The V20’s mission: a fairer response to climate change

The V20 focuses specifically on the economics of climate adaptation. They are advocates for international finance reform, which will be urgently needed. As it stands today, the nations of the Vulnerable 20 are doubly condemned: once by climate change, and again by economics.

Between 2000 and 2019, climate change wiped an eyewatering $525 billion from the budget of V20 countries. Simultaneously, their economies are hamstrung by global debt. Estimates from the V20 put the total debt carried by V20 countries at $1 trillion, with multilateral development banks standing as the largest creditor group. And these hefty bills are coming due.
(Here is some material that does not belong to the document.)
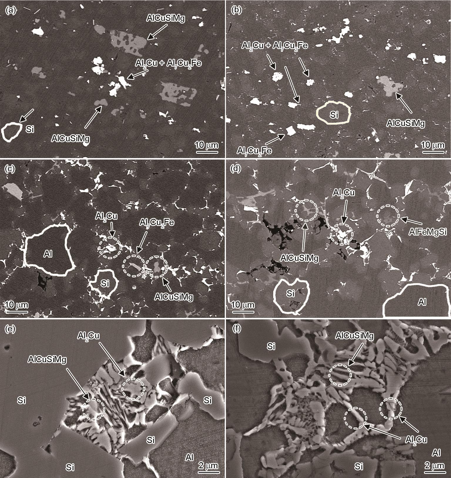 | Fig.5 SEM images of microstructures of spray-formed Al25Si4Cu1Mg alloy treated by different solution temperatures (solution time is 2 h) (a) 495oC (b) 515oC (c, e) 535oC (d, f) 555oC |

In 2024, the V20 estimated that debt service payments may total over $131 billion.

V20 leaders advocate for relief scenarios, rethinking repayment terms and financing to give these economies much-needed breathing room. Extending repayment terms could cut payments by $267 billion, or lowering interest rates could save countries $454 billion. The argument for finance reform is more than a moral one, but also a practical one: if these economies destabilize, the domino effect will be devastating, even for the titan economies of the Global North.

The V20 's members have wielded their influence in the landmark climate decisions of the decade, including the Loss and Damage Fund and the Glasgow Climate Pact.

Beyond advocacy, the V20 has also launched practical tools to address the needs of its members. One notable initiative is the Global Shield against Climate Risks with the G7, aiming to close the protection gap through mobilizing insurance and disaster risk finance. It also established the CVF & V20 Joint Multi Donor Fund to support climate action and the implementation of Nationally Determined Contributions (NDCs) in member states.

Changing climate, changing politics

The fight against climate change plays out as much in political decision-making as it does on the ground. With economies already feeling the impact of a warming world, the V20 will only grow in importance as a driver of more equitable transition.

Beyond the practical changes the group champions, the V20 offers a blueprint for climate leadership defined not just by economic prowess, but by moral clarity and lived experience. Collectively, the V20 demands that the global conversation shift away from viewing climate action as mere aid and instead recognize it as justice and investment in a shared future. In doing so, they reframe the climate crisis for what it truly is: a global reckoning over who pays, who decides, and who survives.